Kathryn C. Fitzgerald, MSc, from Harvard School of Public Health, Boston, Massachusetts, has been involved in several studies looking at diet and ALS risk. "It's an active and interesting area of research," she noted in an interview with Medscape Medical News.

"Hypermetabolism has been associated with ALS. A lot of studies have pretty consistently found that a higher BMI or obesity is associated with a lower risk of ALS. Understanding when the metabolic changes happen is important; usually it happens before diagnosis," Dr Fitzgerald explained.

This new study, she noted, is "observational and we should be cautious in interpreting the results due to the study design. When the patients filled out the dietary questionnaire, they already had ALS so it's possible that this could influence how they respond to the questionnaire. The study provides motivation to do further research," Dr Fitzgerald said.

Lyell K. Jones Jr, MD, neurologist specializing in ALS at the Mayo Clinic in Rochester, Minnesota, who wasn't involved in the study, also advises caution in interpreting the results.

"The main finding from this study related to diet and BMI in patients with ALS is an association between a higher recalled rate of dietary fat intake, and lower presymptom BMI, in ALS patients compared to controls. It's important to note (1) the authors are describing fairly small effect sizes with each of these factors (for example, the odds ratio of higher presymptomatic fat intake in ALS patients was 1.1 compared to controls) and (2) the findings cannot lead to a conclusion that there is any causative relationship between these dietary differences and the risk of developing ALS," Dr Jones told Medscape Medical News.

"In other words," he continued, "these data should not lead patients to the conclusion they should alter their diet to reduce their risk of ALS."
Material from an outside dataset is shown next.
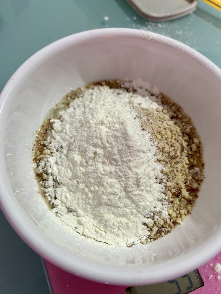 Bereiten Sie die Glasur vor, indem Sie in einer kleinen Schüssel Eiweiß, Zucker, Mandelmehl und Maisstärke zusammengeben.

"Like many studies," Dr Jones said, "these findings lead to further questions. The study participants with ALS were asked about dietary patterns around the time of onset of ALS. We know that as a progressive disease, ALS can result in systemic changes prior to the patient's awareness of symptoms.

"For example, in this study, the lower BMI at symptom onset could reflect a factor related to the cause of the disease, or simply changes in weight occurring after disease onset (but prior to symptom awareness). As the authors point out, a controlled prospective trial would need to be performed to eliminate potential bias related to postdisease onset changes," Dr Jones said.

The study had no commercial funding. Dr Veldink has received travel grants from Baxter. Dr Fitzgerald and Dr Jones have disclosed no relevant financial relationships.